The one in Turkey. There is a Trump Towers Istanbul.

Donald Trump’s company has been paid up to $10 million by the tower’s developers since 2014 to affix the Trump name atop the luxury complex, whose owner, one of Turkey’s biggest oil and media conglomerates, has become an influential megaphone for the country’s increasingly repressive regime.

That, ethics advisers said, forces the Trump complex into an unprecedented nexus: as both a potential channel for dealmakers seeking to curry favor with the Trump White House and a potential target for attacks or security risks overseas.

The president-elect’s Turkey deal marks a harrowing vulnerability that even Trump has deemed “a little conflict of interest”: a private moneymaker that could open him to foreign influence and tilt his decision-making as America’s executive in chief.

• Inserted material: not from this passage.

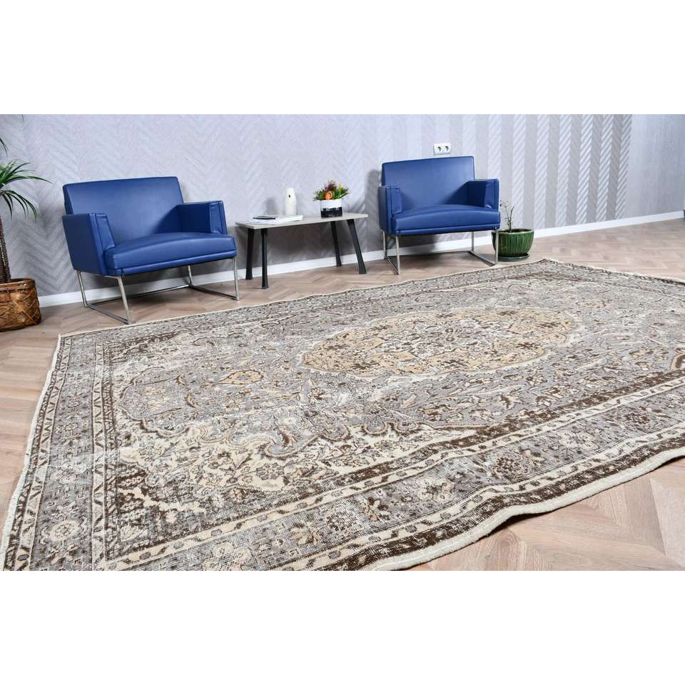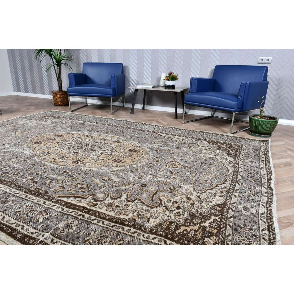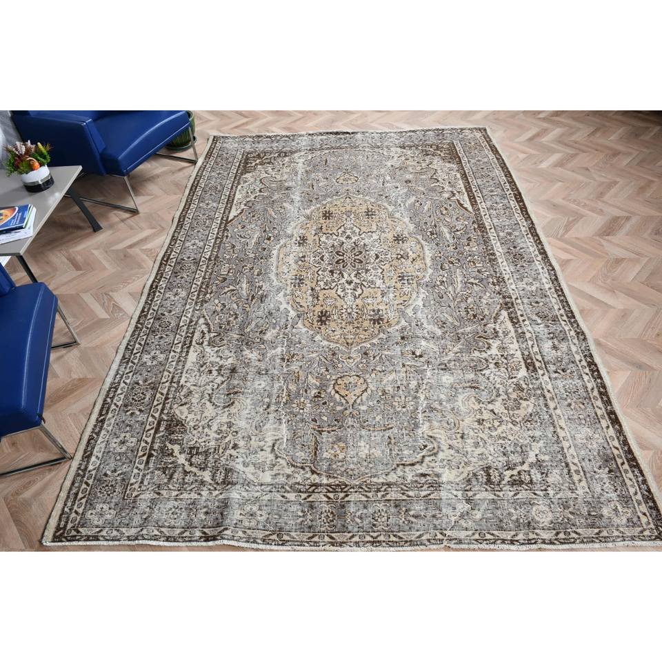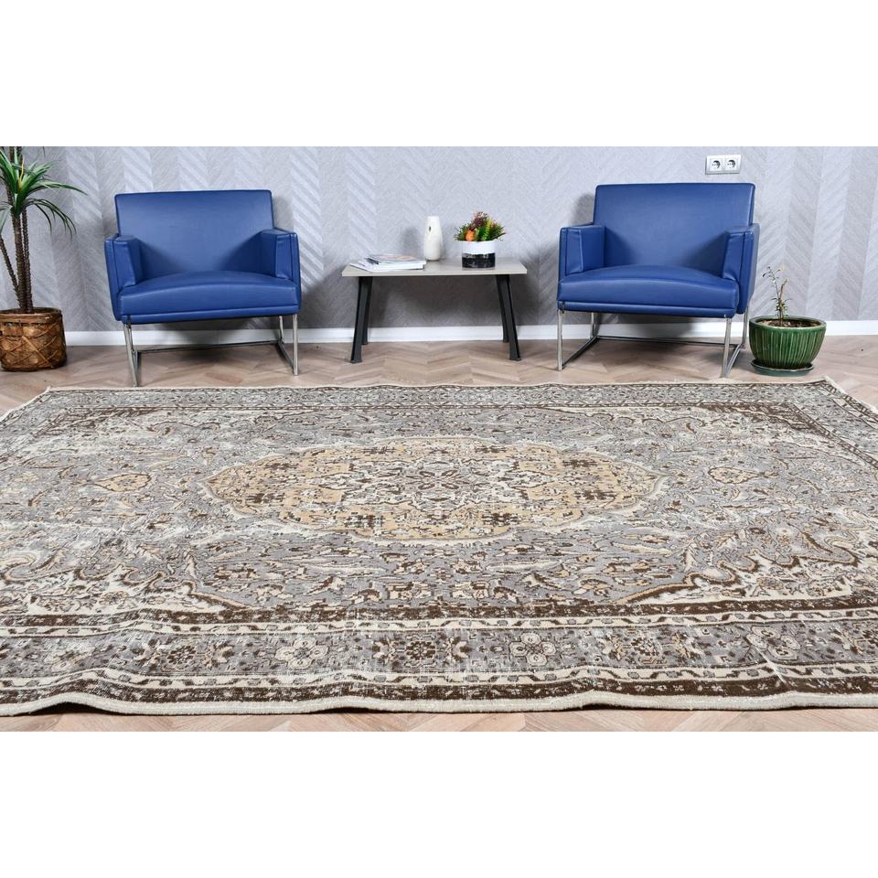 Alfombra Turca Extra Grande, Alfombra Vintage de 7x10.1 pies, Alfombra de Lana Gris
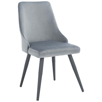 The dramatic angles and cascading curves of this Zoi Dining Chair transforms your dining room with modern glamour and contemporary chic. Zoi's slate grey velvet is ultra soft to the touch, ensuring hours of comfortable conversation around the table. Sold in sets of two.

But we should just trust him, right? He’s always shown himself to be an honorable, fair-minded, impartial, idealistic man, right? We’ve always known him to be motivated by the public good rather than his own bank account, right?

No.

But the ethics experts eyeing Trump’s empire are now warning of many others, found among a vast assortment of foreign business interests never before seen in past presidencies. At least 111 Trump companies have done business in 18 countries and territories across South America, Asia and the Middle East, a Washington Post analysis of Trump financial filings shows.

So, really, from the point of view of conflicts of interest, we could hardly have chosen anyone worse.

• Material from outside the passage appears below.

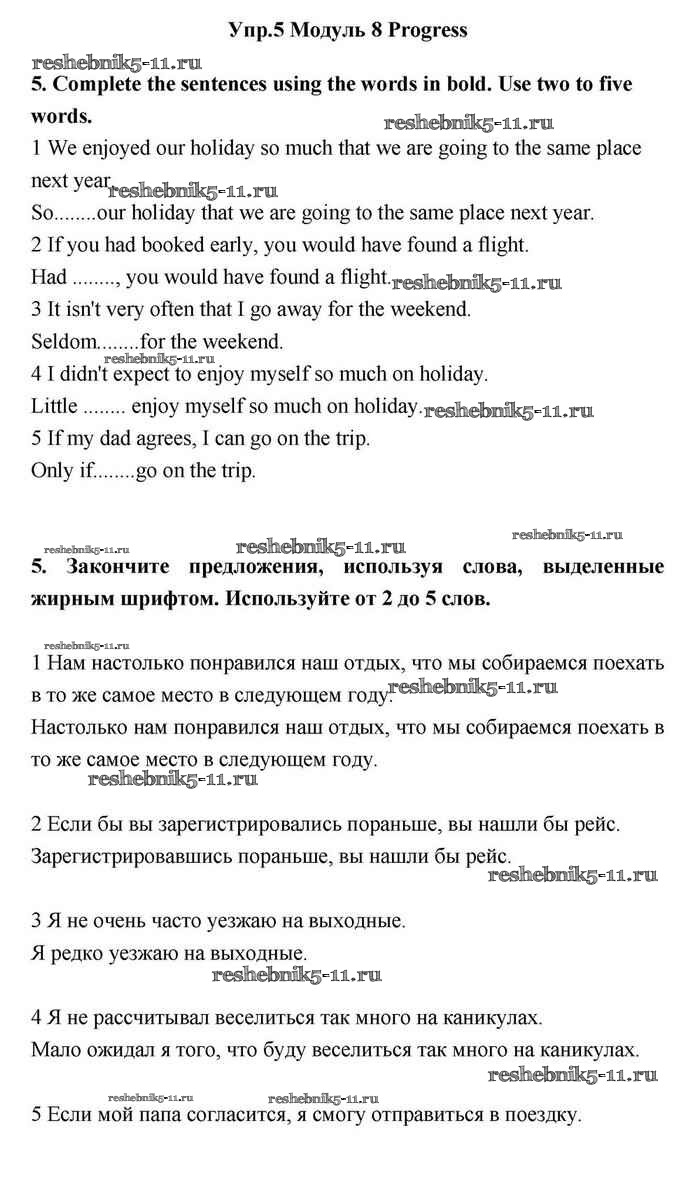 Готовая домашняя работа с ответами по Английскому языку за 11 класс Эванс, Дули, Оби, Афанасьева, Михеева Учебник Spotlight Просвещение 2015 ФГОС - Progress check 8 5

Also from the point of view of character and motivation…we could hardly have chosen worse. Trump is driven by greed – for money, for status, for dominance, for power, for sex – and not much else. He’s a giant Appetite, with no apparent altruism or empathy or public interest of any kind.

The business interests range from sprawling, ultraluxury real estate complexes to one-man holding companies and branding deals in Azerbaijan, Indonesia, Panama and other countries, including some where the United States maintains sensitive diplomatic ties.

Some companies reflect long-established deals while others were launched as recently as Trump’s campaign, including eight that appear tied to a potential hotel project in Saudi Arabia, the oil-rich Arab kingdom that Trump has said he “would want to protect.”

I guess we should be thankful that Bangladesh is not oil-rich.

“There are so many diplomatic, political, even national security risks in having the president own a whole bunch of properties all over the world,” said Richard Painter, chief White House ethics lawyer under President George W. Bush.

“If we’ve got to talk to a foreign government about their behavior, or negotiate a treaty, or some country asks us to send our troops in to defend someone else, we’ve got to make a decision. And the question becomes: Are we going in out of our national interest or because there’s a Trump casino around?” Painter added.

Oh well maybe by that time the national interest and the Trump interest will have become one and the same.